**Task to carry out**
Could you reproduce, from the records below, everything from the line with "The kitchen features" down to the line with "たくさんの人が、ケーキを見にきています。", keeping both of those lines and changing nothing?

**Data provided**
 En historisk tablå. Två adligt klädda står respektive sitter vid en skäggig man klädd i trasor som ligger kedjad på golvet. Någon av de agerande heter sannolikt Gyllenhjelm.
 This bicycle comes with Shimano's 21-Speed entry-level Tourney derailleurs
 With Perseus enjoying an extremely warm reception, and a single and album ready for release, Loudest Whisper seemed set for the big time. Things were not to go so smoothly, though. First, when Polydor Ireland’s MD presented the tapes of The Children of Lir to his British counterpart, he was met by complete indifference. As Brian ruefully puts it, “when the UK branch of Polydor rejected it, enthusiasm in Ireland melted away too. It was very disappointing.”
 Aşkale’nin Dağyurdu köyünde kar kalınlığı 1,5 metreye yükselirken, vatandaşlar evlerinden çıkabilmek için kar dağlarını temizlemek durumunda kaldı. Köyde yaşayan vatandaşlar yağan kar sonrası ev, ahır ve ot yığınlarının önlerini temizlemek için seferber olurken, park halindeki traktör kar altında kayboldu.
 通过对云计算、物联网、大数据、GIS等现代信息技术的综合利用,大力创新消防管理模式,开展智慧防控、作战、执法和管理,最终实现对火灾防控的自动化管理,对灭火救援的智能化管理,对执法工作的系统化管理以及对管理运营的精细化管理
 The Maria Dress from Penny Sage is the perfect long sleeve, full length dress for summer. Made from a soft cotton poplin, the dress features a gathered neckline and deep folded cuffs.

* * *

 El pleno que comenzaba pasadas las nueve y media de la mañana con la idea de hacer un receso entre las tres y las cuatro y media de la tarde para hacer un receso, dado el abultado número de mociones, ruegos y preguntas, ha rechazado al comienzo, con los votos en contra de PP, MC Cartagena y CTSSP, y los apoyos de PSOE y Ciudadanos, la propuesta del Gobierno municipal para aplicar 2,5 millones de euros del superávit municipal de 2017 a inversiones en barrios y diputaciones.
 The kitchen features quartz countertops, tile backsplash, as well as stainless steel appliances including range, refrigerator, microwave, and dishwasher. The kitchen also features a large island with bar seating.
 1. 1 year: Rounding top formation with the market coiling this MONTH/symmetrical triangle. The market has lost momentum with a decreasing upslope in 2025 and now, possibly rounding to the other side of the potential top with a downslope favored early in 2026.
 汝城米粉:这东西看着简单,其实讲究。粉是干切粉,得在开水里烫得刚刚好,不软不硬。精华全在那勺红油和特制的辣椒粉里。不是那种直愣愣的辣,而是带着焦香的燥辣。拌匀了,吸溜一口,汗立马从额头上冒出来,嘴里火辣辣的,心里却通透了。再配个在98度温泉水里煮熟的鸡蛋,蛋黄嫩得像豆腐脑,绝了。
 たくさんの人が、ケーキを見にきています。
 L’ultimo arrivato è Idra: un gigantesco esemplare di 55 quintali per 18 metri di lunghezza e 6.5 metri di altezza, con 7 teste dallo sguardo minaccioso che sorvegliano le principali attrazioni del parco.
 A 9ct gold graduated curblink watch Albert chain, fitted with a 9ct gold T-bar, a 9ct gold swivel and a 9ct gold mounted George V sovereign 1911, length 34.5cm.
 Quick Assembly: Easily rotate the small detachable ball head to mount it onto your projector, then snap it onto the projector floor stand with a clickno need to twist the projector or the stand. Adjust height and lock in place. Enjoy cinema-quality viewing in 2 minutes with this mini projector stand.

**Task result**
 The kitchen features quartz countertops, tile backsplash, as well as stainless steel appliances including range, refrigerator, microwave, and dishwasher. The kitchen also features a large island with bar seating.
 1. 1 year: Rounding top formation with the market coiling this MONTH/symmetrical triangle. The market has lost momentum with a decreasing upslope in 2025 and now, possibly rounding to the other side of the potential top with a downslope favored early in 2026.
 汝城米粉:这东西看着简单,其实讲究。粉是干切粉,得在开水里烫得刚刚好,不软不硬。精华全在那勺红油和特制的辣椒粉里。不是那种直愣愣的辣,而是带着焦香的燥辣。拌匀了,吸溜一口,汗立马从额头上冒出来,嘴里火辣辣的,心里却通透了。再配个在98度温泉水里煮熟的鸡蛋,蛋黄嫩得像豆腐脑,绝了。
 たくさんの人が、ケーキを見にきています。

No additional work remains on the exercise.